Oct. 14 (Bloomberg) -- Former Iraqi premier Ayad Allawi’s Iraqiyah bloc stepped up efforts to lure deputies from Prime Minister Nuri al-Maliki’s alliance, in a bid to form the largest group of seats in parliament and secure the right to form a new government, almost eight months after elections.
Iraqiyah is negotiating with the Shiite Muslim Islamic Supreme Council of Iraq, the Fadheela Party, the Kurdistan Parties Coalition and the Sunni Muslim Iraqi Unity Bloc, Allawi’s spokeswoman, Maysoon al-Damluji, said late yesterday. Talks “have reached advanced stages and their outcome will be announced at the appropriate time,” she said.
Allawi, a Shiite who won support from secular and Sunni voters in the March elections, has won the backing of 130 members of the 325-seat assembly, compared with 132 for al-Maliki’s Shiite-led State of Law group, al-Sumaria television reported. Iraqiyah nominated Vice President Adel Abdel Mahdi, an ISCI member, as its premiership candidate.

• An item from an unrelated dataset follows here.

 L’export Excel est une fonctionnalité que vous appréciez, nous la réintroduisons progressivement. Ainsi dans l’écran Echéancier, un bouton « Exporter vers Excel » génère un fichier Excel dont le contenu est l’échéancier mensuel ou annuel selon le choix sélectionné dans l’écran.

The power struggle between the two blocs has delayed the formation of a government, with neither able to command a parliamentary majority. The vacuum coincided with a surge in violence, prompting regional leaders including Turkish premier Recep Tayyip Erdogan to join the U.S. in calling for the rapid creation of an administration able to unify the country.
State of Law’s merger with other Shiite groups to form the National Alliance in June was a setback to Allawi’s efforts to create a bloc larger than al-Maliki’s. The alliance this month nominated al-Maliki as its candidate for the premiership over objections of some of its lawmakers from groups such as ISCI.
Discussions With Kurds
The Kurdistan Parties Coalition, which includes President Jalal Talabani’s Patriotic Union of Kurdistan and the Change Party, holds about 53 seats in the assembly. Its members have said they are in talks with both Allawi and al-Maliki.

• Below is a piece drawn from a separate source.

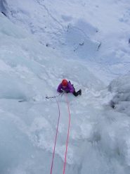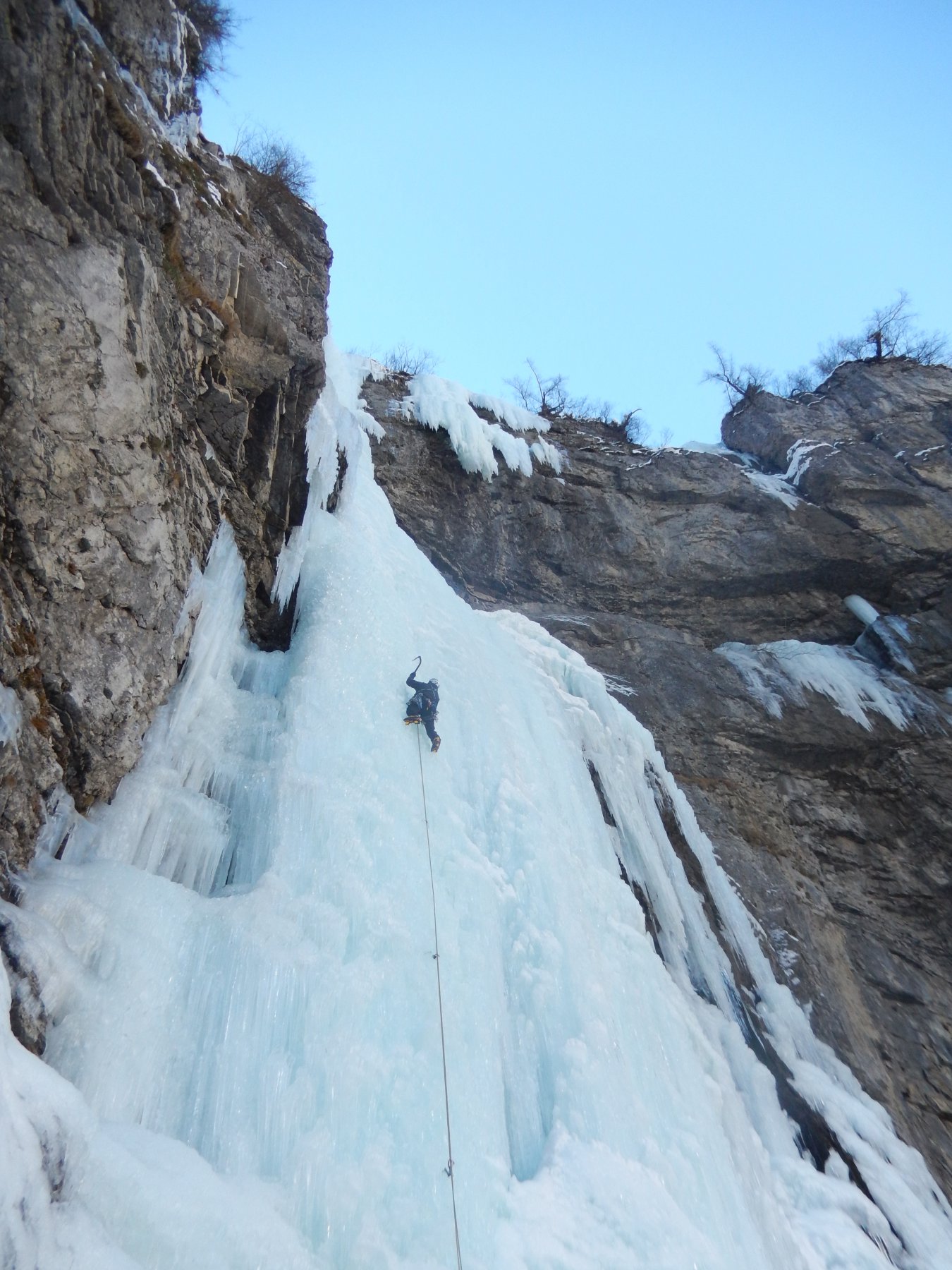 Tre lunghezze portano alla conca superiore. Qui’ si formano ben sei salti stalattitici sui 25m, ognuno scelga il suo!

“Right now, Maliki and Allawi are battling for Kurdish support,” said Reidar Visser, an Iraq analyst at the Oslo-based Norwegian Institute for International Affairs. “Whoever gets it should be in a position to form a government reasonably fast.”
Al-Damluji didn’t specify the number of lawmakers who are backing Allawi in her statement yesterday, and she wasn’t immediately available for comment when contacted by telephone today.
“There is no time limit, except that there will be new elections in 2015,” Visser said, referring to the formation of the next government. “In the case of a protracted stalemate, the new parliament could choose a speaker and work with the existing government, or dissolve itself in order to have fresh elections.”